[math-fun] Most transcendental number?
I've read that phi (~ 1.618, (1+sqrt(5))/2) is the "most irrational" number because of how poorly it is approximated by rational numbers. I assume that this is because it's continued fraction expansion is all 1's. Is there a sense in which some number is the "most transcendental" number? If so, what would that number and that meaning be? Kerry Mitchell -- lkmitch@gmail.com www.kerrymitchellart.com http://spacefilling.blogspot.com/
Well, since all trancendentals are irrational, it can't be by the same metric: you can approximate any of them with rationals better than phi. On Sun, Jun 13, 2010 at 12:27 AM, Kerry Mitchell <lkmitch@gmail.com> wrote:
I've read that phi (~ 1.618, (1+sqrt(5))/2) is the "most irrational" number because of how poorly it is approximated by rational numbers. I assume that this is because it's continued fraction expansion is all 1's. Is there a sense in which some number is the "most transcendental" number? If so, what would that number and that meaning be?
Kerry Mitchell -- lkmitch@gmail.com www.kerrymitchellart.com http://spacefilling.blogspot.com/ _______________________________________________ math-fun mailing list math-fun@mailman.xmission.com http://mailman.xmission.com/cgi-bin/mailman/listinfo/math-fun
-- Mike Stay - metaweta@gmail.com http://www.cs.auckland.ac.nz/~mike http://reperiendi.wordpress.com
If alpha is real, then the irrationality measure of alpha (written mu(alpha)) is the sup over mu > 0 such that 0 < | alpha - p/q | < 1/q^mu has an infinite number of solutions for relatively prime integers p and q. If alpha is rational then mu(alpha) = 1, otherwise mu(alpha) >= 2. Roth's famous theorem showed that mu(alpha) = 2 for alpha an algebraic number (which isn't rational). Liouville's result exhibited a number for which mu(alpha) = infinity. However, there has never been a case (that I know of) of a transcendental number occurring "in nature" (i.e. the value or root of some reasonable function, such as a hyper geometric function) which has been shown to have irrationality measure > 2. There have been a lot of results for numbers such as values of logarithms (which includes pi) or of the zeta function where explicit upper bounds for mu(alpha) have been exhibited, but none have been shown to be > 2. There is the whole study of the Markov Spectrum which involves the constant on top of 1/q^2. In that phi is the worst approximabile. Victor On Sun, Jun 13, 2010 at 11:46 AM, Mike Stay <metaweta@gmail.com> wrote:
Well, since all trancendentals are irrational, it can't be by the same metric: you can approximate any of them with rationals better than phi.

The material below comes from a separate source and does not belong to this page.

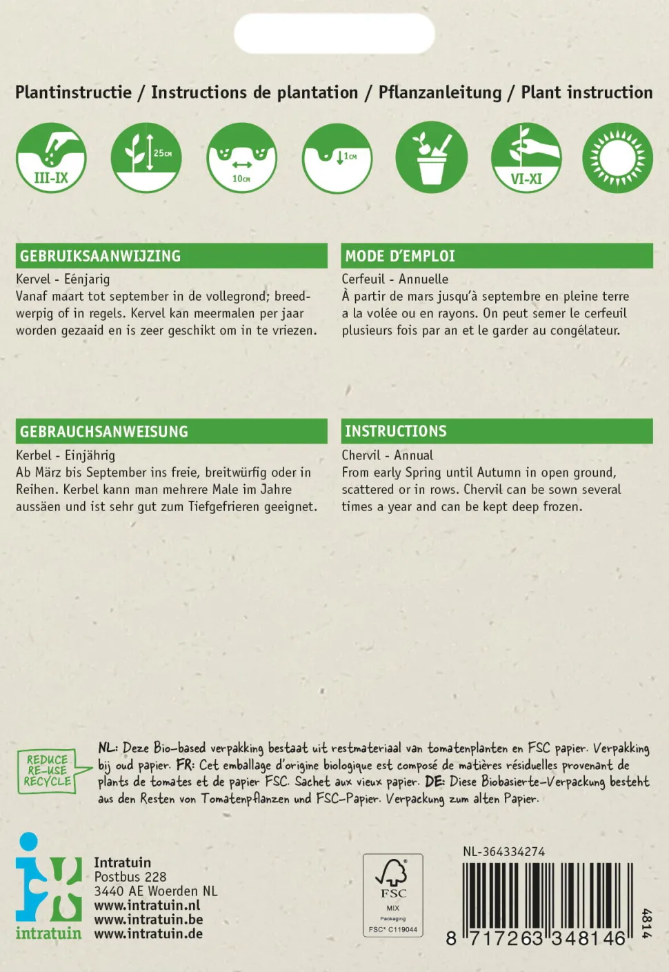 Dieser ‚Echte‘ Kerbel Anthriscus cerefolium ist ein einjähriges Kraut, der allerdings auch etwas Kälte verträgt. Die Kerbel-Samen kannst du ab April direkt draußen in dein Kräuterbeet säen. Wenn du kontinuierlich eine kleine Menge der Kerbelsamen ausbringst, kannst du von Juni bis Oktober ernten. Der Kerbel kann sowohl frisch als auch getrocknet verarbeitet werden und lässt sich auch gut einfrieren. Der ‚Krause‘ Kerbel hat einen milderen Geschmack als der ‚Echte‘ Kerbel.

On Sun, Jun 13, 2010 at 12:27 AM, Kerry Mitchell <lkmitch@gmail.com> wrote:
I've read that phi (~ 1.618, (1+sqrt(5))/2) is the "most irrational" number because of how poorly it is approximated by rational numbers. I assume that this is because it's continued fraction expansion is all 1's. Is there a sense in which some number is the "most transcendental" number? If so, what would that number and that meaning be?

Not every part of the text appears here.